The Man is out on 24 hour patrol, and I'm at home with my computer and a stack of unfinished thank you notes listening to the Weepies. It's Wednesday night on the home front, my second-to-last Bullis Wednesday. And so begins the countdown of lasts.
The biggest last that I'm faced with is that this week is the last time to prove to myself that I can live without deadlines or due dates, that I can motivate without the promised reward of good grades or someone else's approval. It's been three and a half months of tanking out on myself in that regard, but who knows? Perhaps I will suddenly be injected with some alien ambition and will find myself doing more than stagnating.
What a weird, weird few months. I've made friends, watched stupid movies, gone tubing down a silk-green river. I've spent hours writing (and weeks purposefully not writing). I've read my Bible (and avoided reading it). I've had many mugs of coffee (and almost as many of tea). I've gone for walks in the burning sun, seen seven circling vultures, watched a snake coil sinisterly, laughed at yellow butterflies. I've felt the ocean spray on my face and laid awake at night longing for rain to come. I've seen the hill country in the light of a lowering sun and read books the wind tried to tear from my hands. Most importantly, I've loved the Man so intensely that the thought of him leaving...is not a thought that I want to entertain.

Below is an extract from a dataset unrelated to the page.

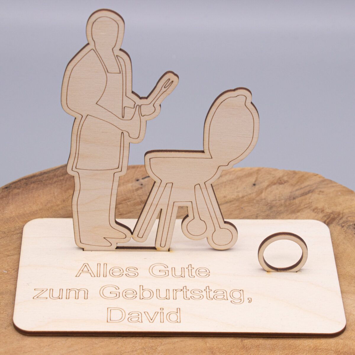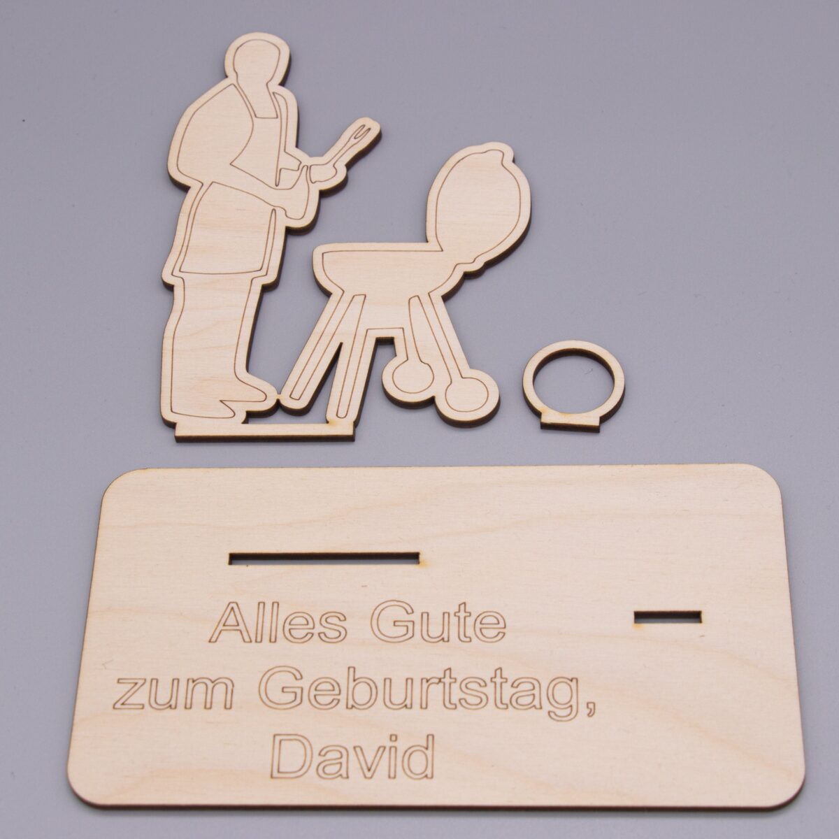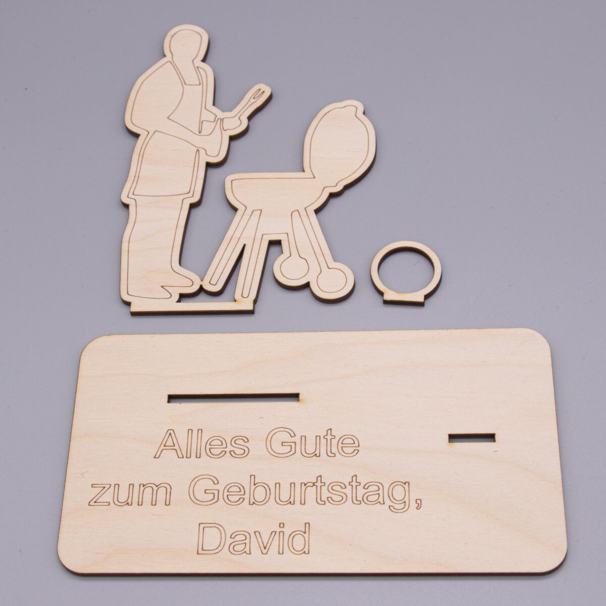 Der Aufsteller besteht aus mehreren präzise gelaserten Holzteilen, die ganz einfach zusammengesteckt oder nach Wunsch auch geklebt werden können. Das zentrale Motiv zeigt einen Mann am Grill – mit typischen Details wie Grillzange, Grillgut und jeder Menge guter Laune.

And next Friday we'll squeeze all our belongings into our sun-roofed silver car except for what can't be squeezed, and we'll leave behind "my" back road, Saturday breakfasts at La Madeleine, the toaster oven that won't work at the same time as the coffee maker, the fuzzy TV, the boxes full of the Man's MRE's, the miscellaneous gear hiding behind the armchair, the laundry basket I dragged up and down the stairs twice a week, the Do Not Disturb sign, the scratchy white towels, the view out my window...and a thousand newlywed memories.
There are rumours that there's a home waiting for me somewhere in DC. I hope so.